She told him once upon a time about what the demi-demon, Diriel, had said to her, that she would be able to raise an army of corpses. At the time they had both shuddered at the thought and said, no, no, that would never happen.
Now, he wonders. In a month, will she be so far gone that she thinks she has too? In a month, will she be so far gone that she wants to?
Then, he comes home from – school, work, it doesn't matter, it was away from her – to find her with a half-rotted parrot on her shoulder. The smell hits him hard, putrid and thick in the air and he gags, turning from her.
She watches with curious blue eyes, eyes that hardly recognize him anymore, and says, "Don't you like my pet, Derek?"

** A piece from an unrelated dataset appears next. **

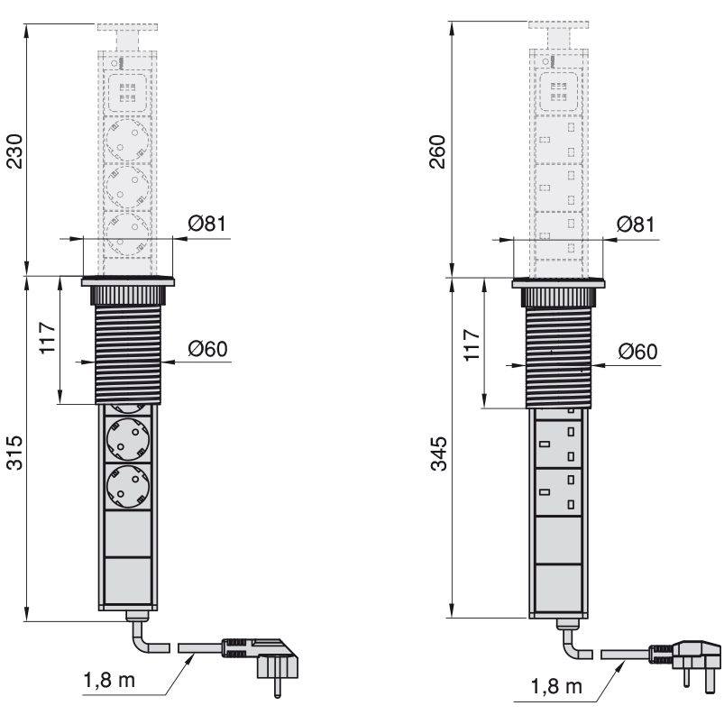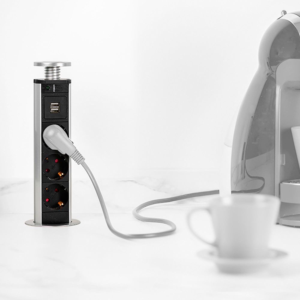 Tomada Vertikal com USB inclui: 3 tomadas do tipo Schuko, 2 tomadas USB, LED sinalizador on/off.
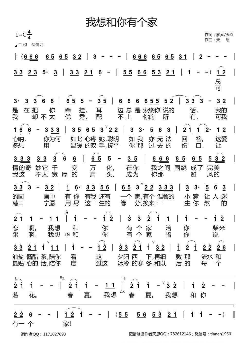 > 我想和你有个家 天恩原创

He forces himself to breath through his mouth and looks at her, the smell of the parrot coating his tongue and lips, and he's sure when he brushes his teeth later that night he'll find feathers and rotting meat stuck between them. "Where did you get it, Chloe?"
She frowns, her brow creasing and the parrot clacks its beak, the tongue long gone (Who's a pretty bird?), eyes long gone, just sockets remaining. "I think -" she starts, and pauses. "I think he found me. I was lonely – and then there he was. They had buried him, and he wasn't even dead!" she says, outraged, and he closes his eyes because – because what else can he do? He can't leave her, not now. If he did – he doesn't want to think about that, but he does, because he's always been a fan of the facts, and facts are, if he leaves her he's signing her death warrant, and that of countless others.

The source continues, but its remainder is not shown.